Material to process START

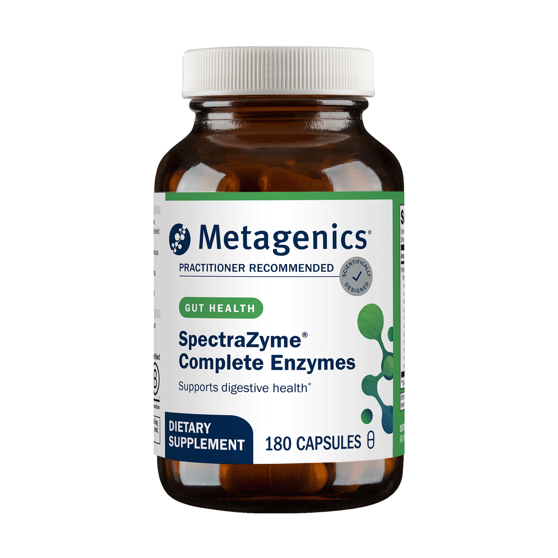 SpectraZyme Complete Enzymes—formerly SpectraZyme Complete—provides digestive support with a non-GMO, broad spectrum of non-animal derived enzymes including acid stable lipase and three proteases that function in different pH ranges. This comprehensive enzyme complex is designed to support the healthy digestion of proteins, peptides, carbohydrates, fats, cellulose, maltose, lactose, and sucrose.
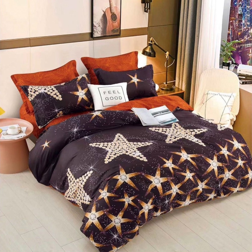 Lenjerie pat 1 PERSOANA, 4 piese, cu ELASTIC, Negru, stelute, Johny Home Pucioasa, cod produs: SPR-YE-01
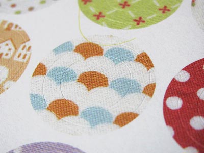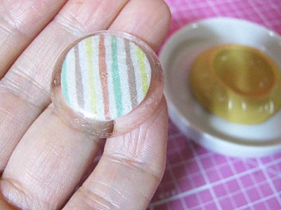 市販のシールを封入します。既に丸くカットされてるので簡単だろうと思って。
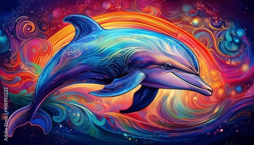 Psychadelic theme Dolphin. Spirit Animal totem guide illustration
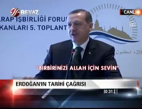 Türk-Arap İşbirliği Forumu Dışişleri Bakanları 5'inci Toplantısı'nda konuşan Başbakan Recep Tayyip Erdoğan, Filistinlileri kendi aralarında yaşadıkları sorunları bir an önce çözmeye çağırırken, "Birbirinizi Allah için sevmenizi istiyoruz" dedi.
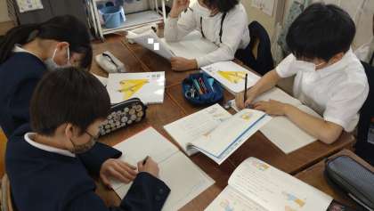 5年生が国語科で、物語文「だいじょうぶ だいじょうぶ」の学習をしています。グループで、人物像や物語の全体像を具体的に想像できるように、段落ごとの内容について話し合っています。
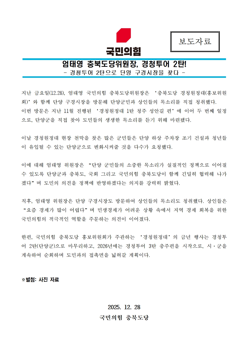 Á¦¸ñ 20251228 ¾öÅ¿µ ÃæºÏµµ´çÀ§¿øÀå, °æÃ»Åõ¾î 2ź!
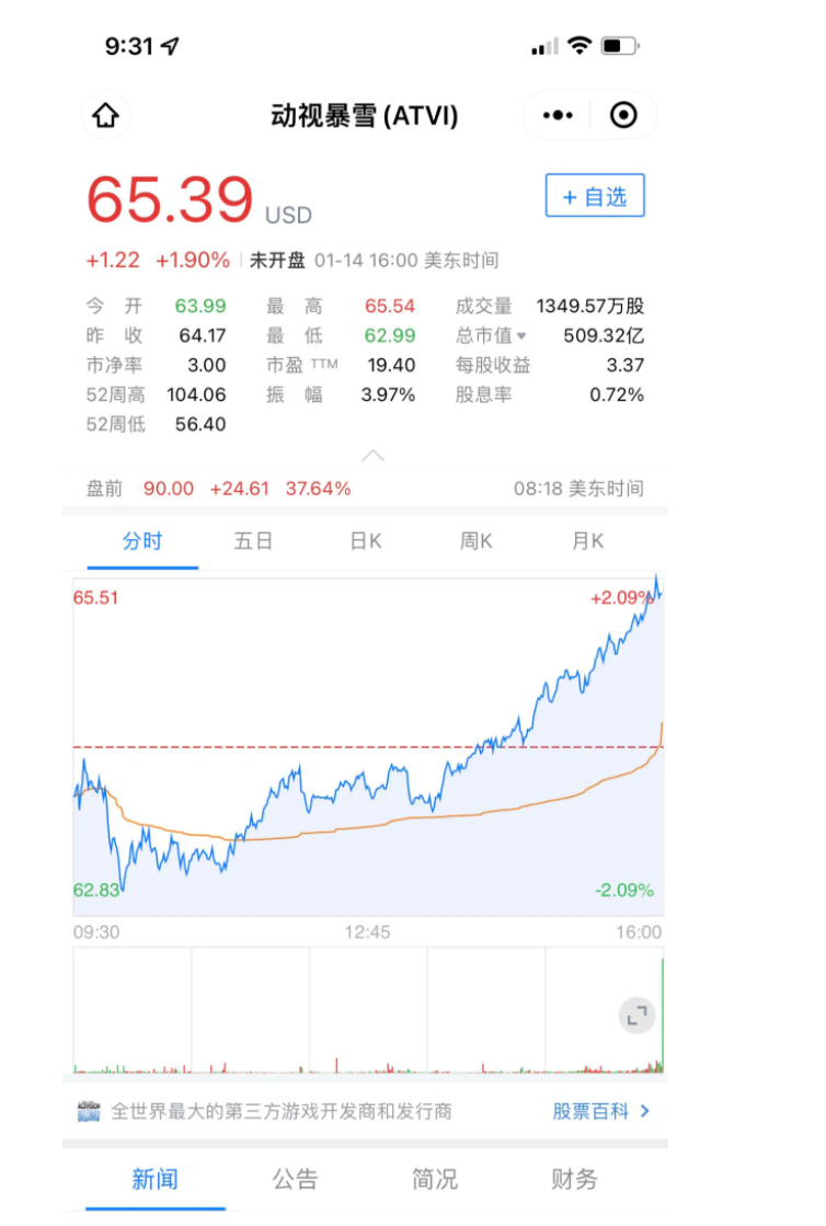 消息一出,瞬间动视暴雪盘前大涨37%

Material to process END
Material to process START

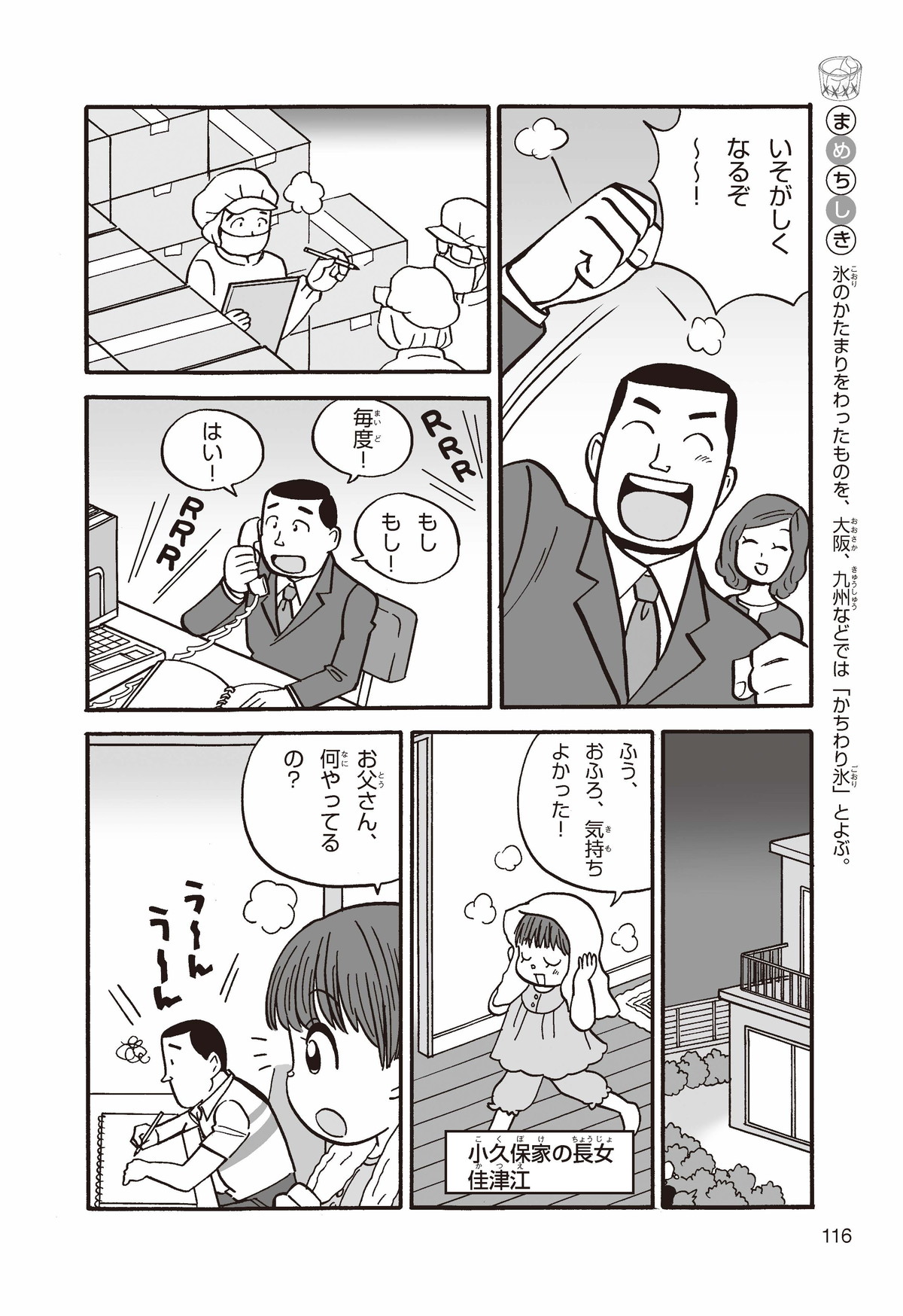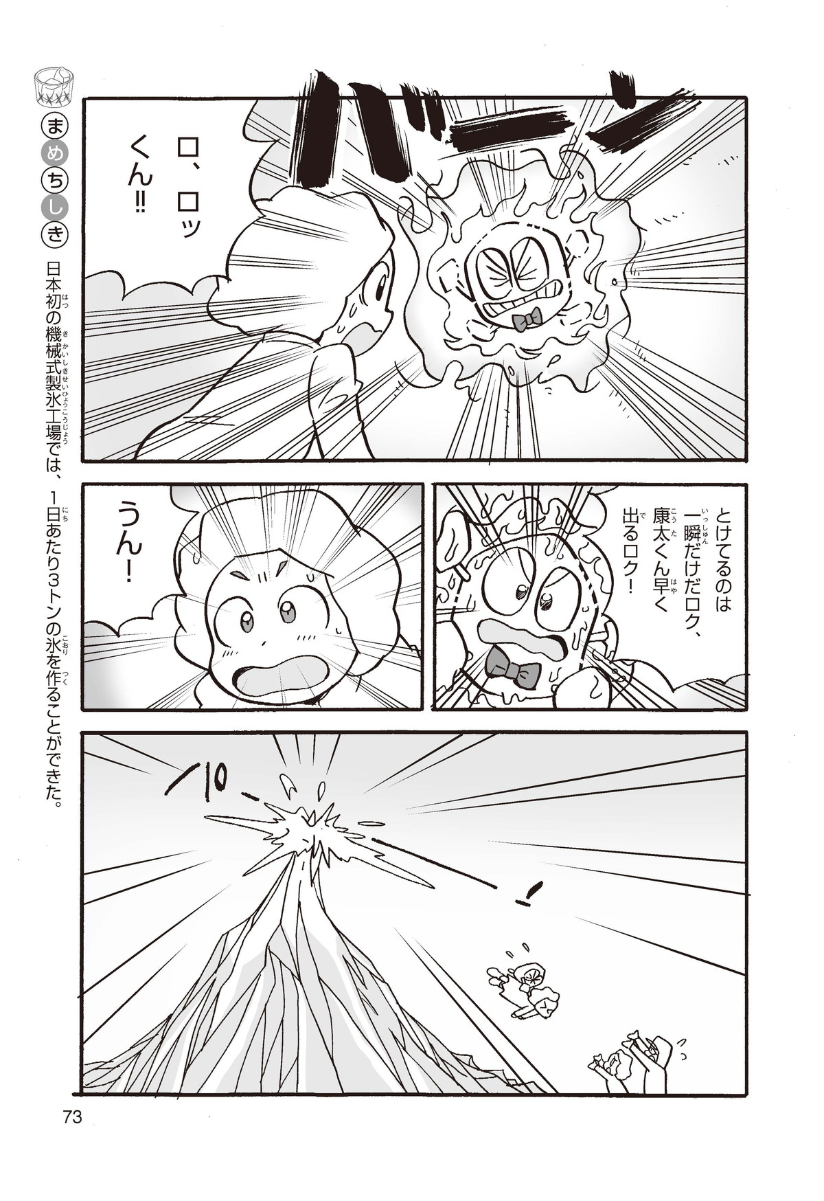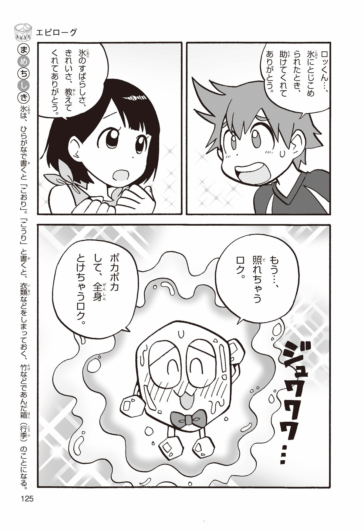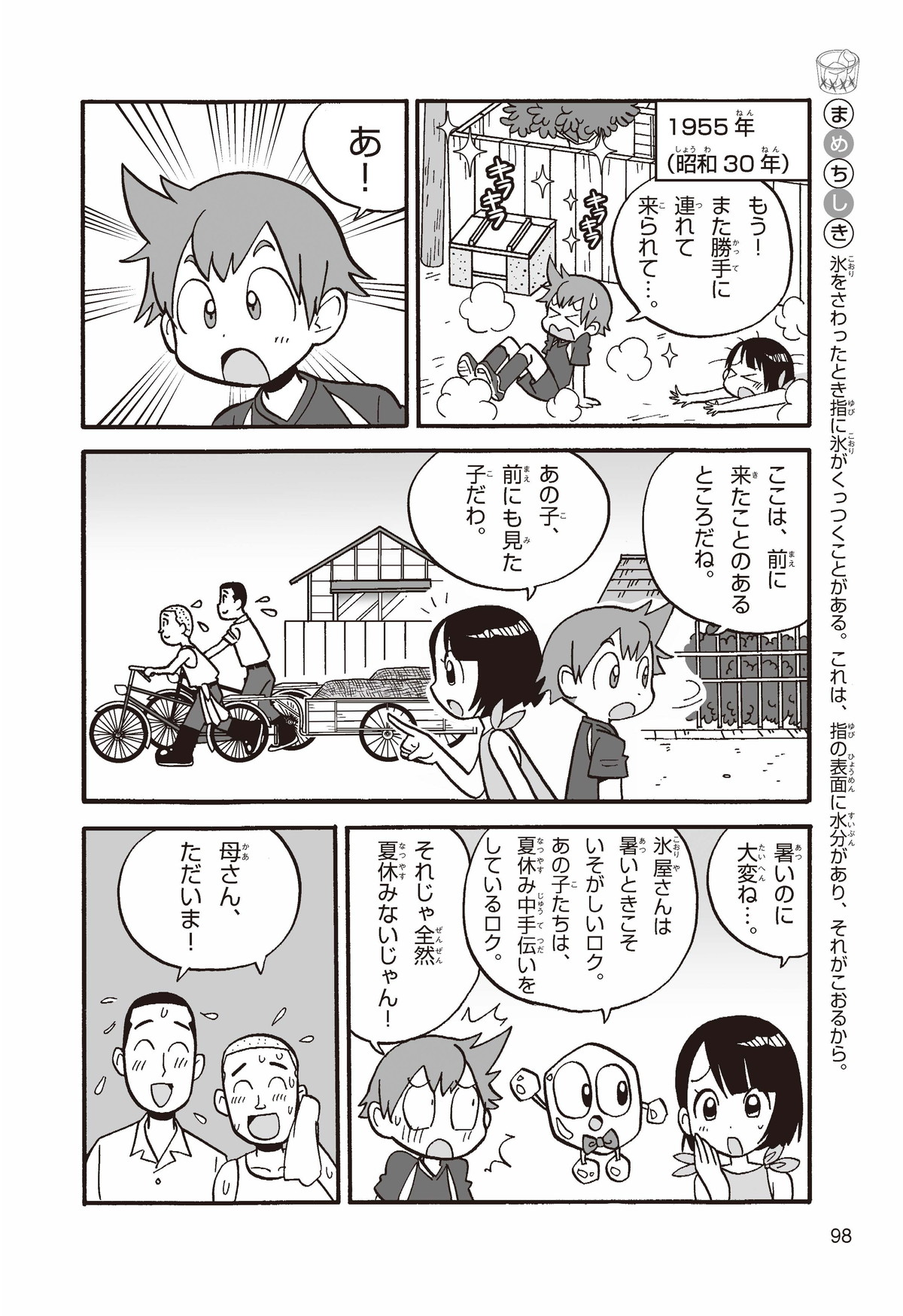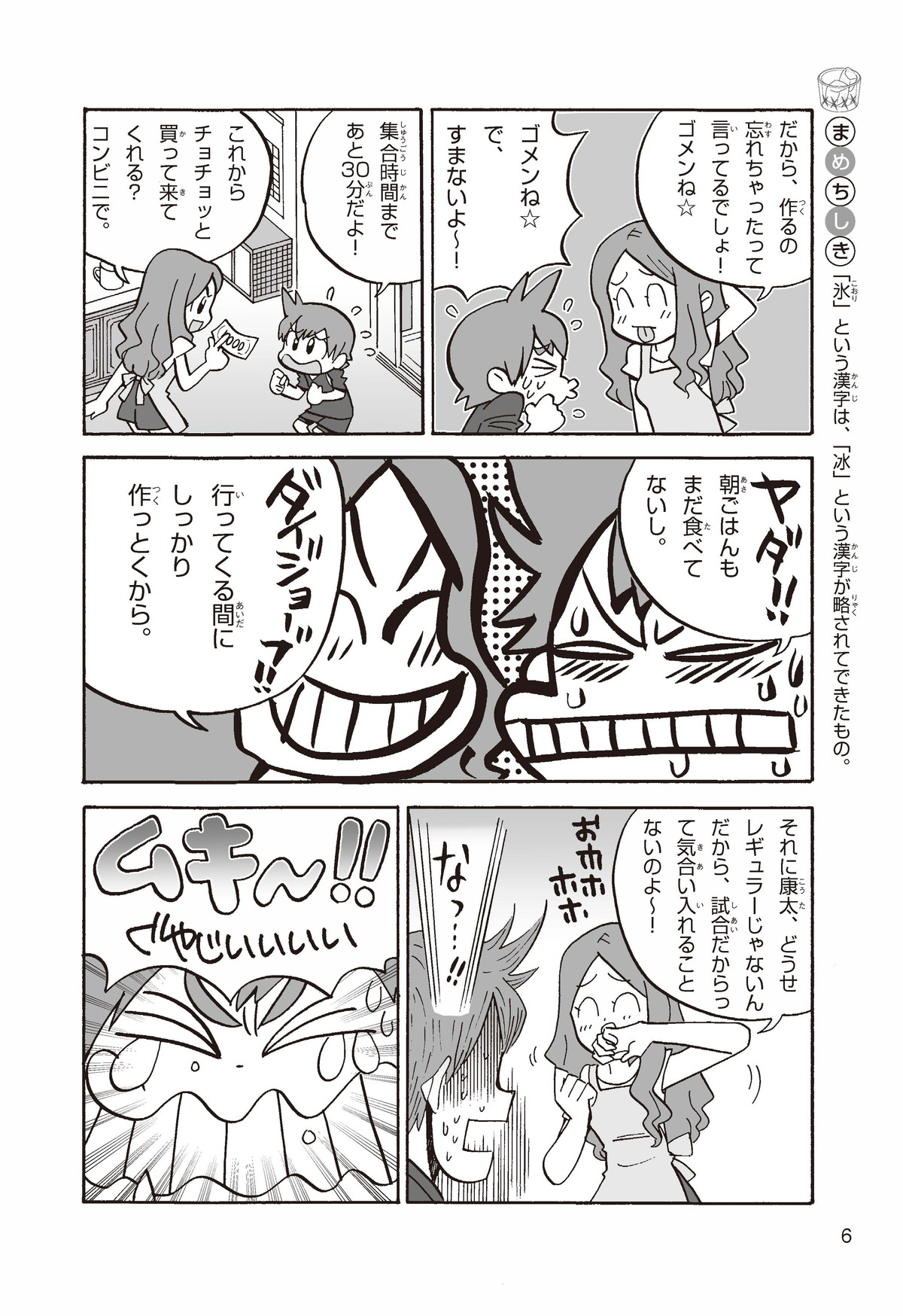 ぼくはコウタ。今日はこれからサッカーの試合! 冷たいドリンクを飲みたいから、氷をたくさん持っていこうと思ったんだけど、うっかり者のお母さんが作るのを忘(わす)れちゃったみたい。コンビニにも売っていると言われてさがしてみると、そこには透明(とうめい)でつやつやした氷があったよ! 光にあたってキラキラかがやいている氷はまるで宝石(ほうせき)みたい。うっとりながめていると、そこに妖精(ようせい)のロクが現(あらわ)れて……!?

Material to process END

» **Exercise**
A clean copy is needed of the lines above from the one with "Á¦¸ñ 20251228 ¾öÅ¿µ" up to and including the one with "消息一出,瞬间动视暴雪盘前大涨37%". Please set it down exactly, with no pictures.

» **The answer**
 Á¦¸ñ 20251228 ¾öÅ¿µ ÃæºÏµµ´çÀ§¿øÀå, °æÃ»Åõ¾î 2ź!
 消息一出,瞬间动视暴雪盘前大涨37%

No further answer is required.